お説教は「◯分以内」で。子どものEQを高める”叱り方の正解”とは

子どものレジリエンスを育む05

レジリエンスを育むのは「失敗体験」【ボーク重子氏】

子どものレジリエンスを育てるにあたって「失敗経験の大切さ」を説くのはライフコーチのボーク重子氏です。それを最も効果的に伝えるには、親自身が挑戦して失敗する姿を子どもに見せること。大事なのは、「失敗か成功かという結果ではなく、なにがどうしてどうなったかというプロセスを子どもに見せること」だとボーク氏は指摘します。

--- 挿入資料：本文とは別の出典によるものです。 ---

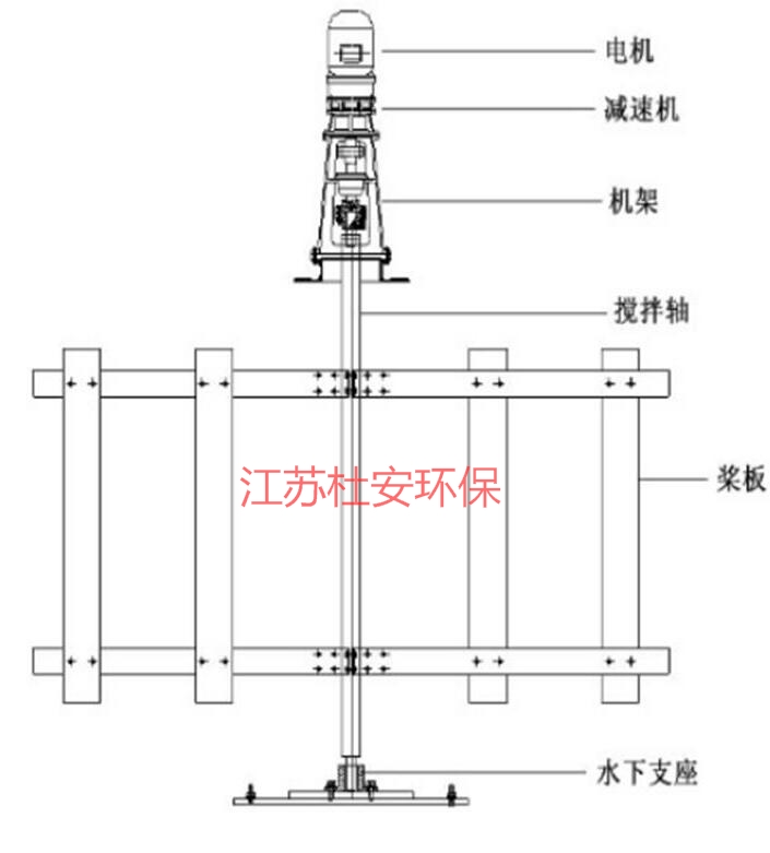 上層槳葉直徑1.5m,距離池底1.5m; 下層槳葉直徑2m,距離池底0.8m。 |
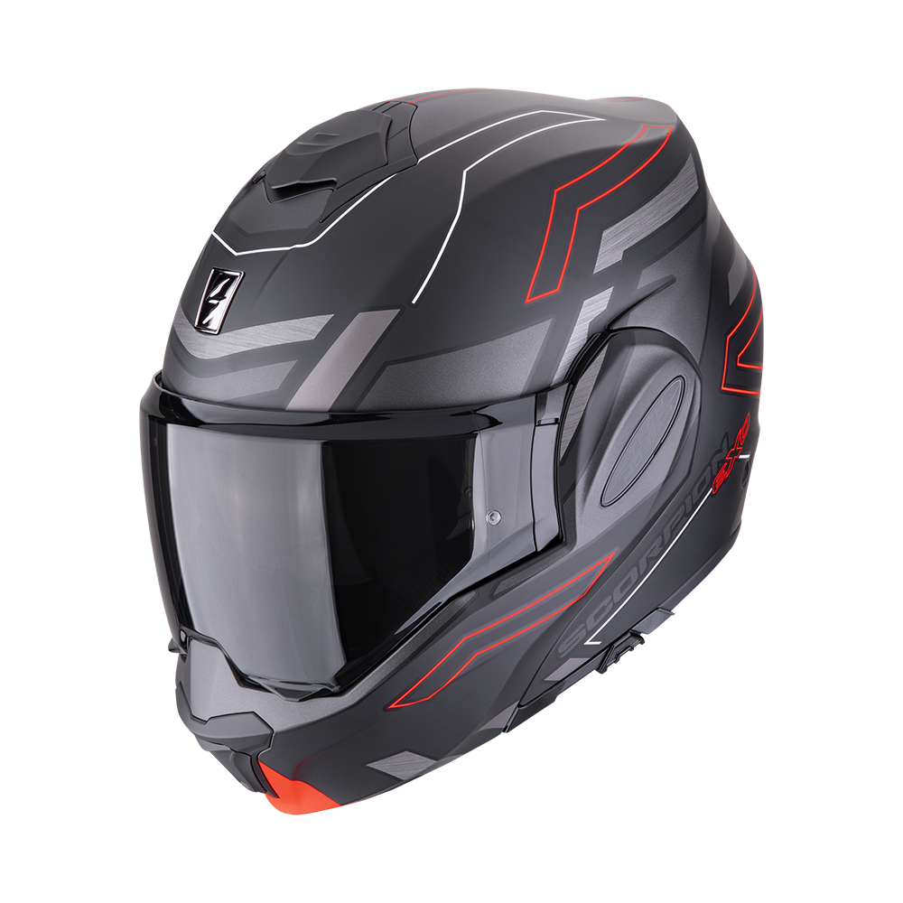 Super viegla Carbona ķivere. Revolucionārā sistēma AIRFIT/Helmet Pump piepumpē vaigu polsterus ar gaisu, kam pateicoties ķivere ne tikai ideāli pielāgojas Jūsu galvas formai, bet ir arī ir ļoti klusa, ELLIP-TEC™sistēma, kurai pateicoties stikls tiks nomainīts ātri, viegli un ērti PINLOCK® Max VISION 3D dubultais pretsvīšanas stikls, novērš stikla svīšanu jebkādos laikapstākļos lietū, miglā un zemā temperatūrā. KwikWick ® iekšējo ķiveres polsteru materiāls izgatavots no elpojoša, patīkami mīksta, viegli mazgājama un antibakteriāla materiāla. Vēsā laikā materiāls sildīs, karstā laikā atvēsinās. Scorpion īpašā ventilāciju sistēma ļauj katram lietotājam tās noregulēt pēc savām velmēm. Ķiveres priekšējais stikls pēc sistēmas EverClear izgatavots no speciālas plastikas ar izcilu tehnoloģiju No-Fog, kas pasargātā stiklu no skrāpējumiem. FACESHIELD LOCK slēdzis priekšējā stikla drošai fiksācijai. SpeedView integrētā saulesbrille ļauj saglabāt drošu un komfortablu braukšanu arī saulainā laikā. DD Ring visdrošākā ķiveres aizvēršanas sistēma. Emergency release system speciāli elementi ļauj droši, viegli un ātri avārijas situācijā noņemt braucēja ķiveri sniedzot pirmo palīdzību. Kwikfit™ sistēma paredzēta ērtai briļļu ievilkšanai.
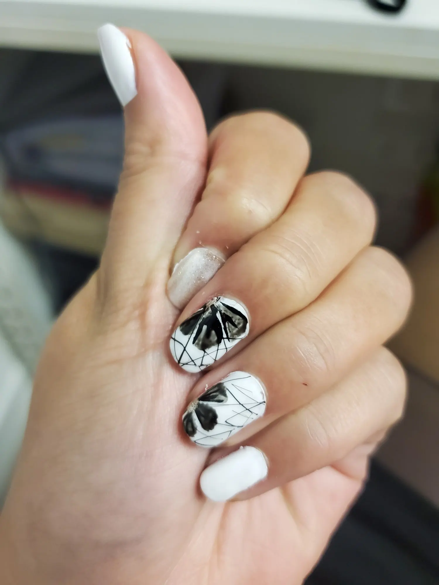 Обычная черная паутинка, заказ сделала впервые, ни разу паутинкой до этого не пробовала работать, я не мастер, а самоучка, дома сама себе маникюр делаю, но надеюсь понравится)
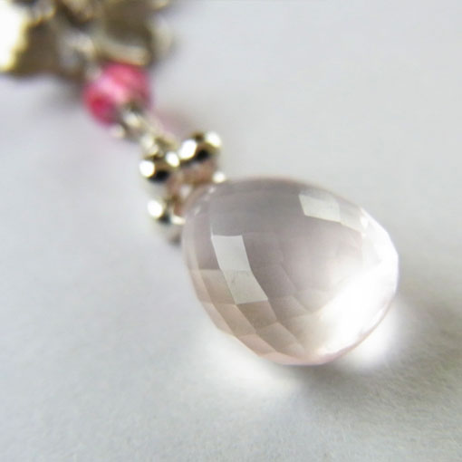 *ローズクォーツ* 少量のチタンを含むことにより、淡いピンクに色づいた水晶です。 こちらで使用のローズクォーツは細かいカットを施されたブリオレットになります。
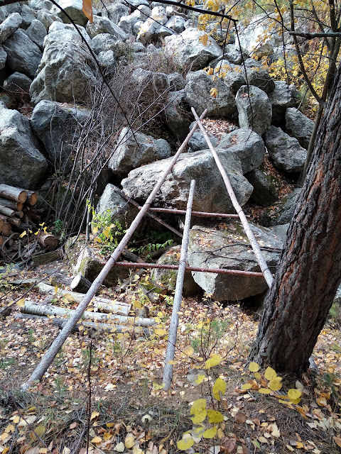 Зато когда уже спустился с отвала и шёл вокруг него, набрёл на чью-то подготовленную туристическую стоянку. Это явно заготовка для навеса, да и дрова сложены тоже не просто так:

それにより、子どもは「失敗は通過点であってやり直しができる」ということや、「方法はひとつではない。もしひとつの方法がダメでも、ほかの選択肢や可能性を試せばいい」ということを学べるのです。これぞまさに、レジリエンスそのものですね。

またボーク氏は、「失敗しないことよりも、何度失敗しても再起できることのほうがよほど大事」としたうえで、「回復力ををつける一番のチャンスは、子ども自身が失敗したとき」と断言します。そこで大事なのは、失敗のなかに隠れている「よかったこと」に気づかせること。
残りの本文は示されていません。